Today is an odd confluence of holidays: The beloved perennial Father’s Day and the new-ish (at least to the official registry of national holidays) Juneteenth.
We, of course, wish all fathers and father-figures a happy Father’s Day.
As for Juneteeth, this is only its second year being recognized, both federally and statewide.
Juneteenth commemorates the day Gen. Gordan Granger arrived in Galveston, Texas, technically freeing the last of the slaves. The Emancipation Proclamation had been signed two years before, but the lack of Union soldiers’ presence had made Texas a safe haven for slaveholders.
However, on June 19, 1865, about two months after Robert E. Lee surrendered at Appomattox, Granger read aloud General Order No. 3 in the town square, declaring: “The people of Texas are informed that in accordance with a Proclamation from the Executive of the United States, all slaves are free. This involves an absolute equality of rights and rights of property between former masters and slaves, and the connection heretofore existing between them becomes that between employer and hired laborer.”
The first Juneteenth was celebrated in 1866, but its prominence has waxed and waned over the past 150-ish years. It was popular in the late 1800s and early 1900s, fell out popularity for a while as standardized education for all children all but erased June 19, 1865, from history, rose to prominence again during the years of the civil rights movement, fell by the wayside again for a few decades, then once again rose to significance in the wake of George Floyd’s murder in 2020. (Was that two years ago? It feels like a lifetime and a blink of an eye at the same time.)

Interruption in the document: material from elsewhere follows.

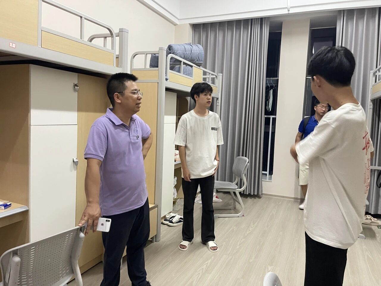 走访最后,老师们提醒新生关注班级 QQ 群消息,及时接收学院通知、参与交流。再次强调安全问题,涵盖用电安全、出行安全等,为新生校园生活筑牢 “安全网” 。

Juneteenth strikes us as a kind of Independence Day: generally celebrated joyously but built on something solemn. A day of community centered around fun and food but underpinned by struggle and loss.
Or maybe not a kind of a Fourth of July … Perhaps it would be more accurate to call it a referendum on Independence Day. Juneteenth: a day when “freedom” began to finally apply to people of color. And we say “began” because the freedom that white people enjoyed for centuries still did not fully apply to people of color until nearly the end of the 20th century — though many would argue it still does not fully apply.
If you Google search for “how to celebrate Juneteenth,” you’ll get a variety of articles and links suggesting myriad ways to celebrate. But most of the recommendations have two things in common: knowledge and acknowledgment.
Those who traditionally celebrate Juneteenth want the rest of us to use today to face the hard and hidden truths of what it has meant to be a person of color in this country. To understand the brutality Black people endured for centuries, the oppression that kept thousands in bondage long after President Lincoln emancipated them and the exhausting fight to make “we, the people” apply to all of America’s people.
And they want us to see all the amazing things people of color have contributed, are contributing and will continue to contribute to our country.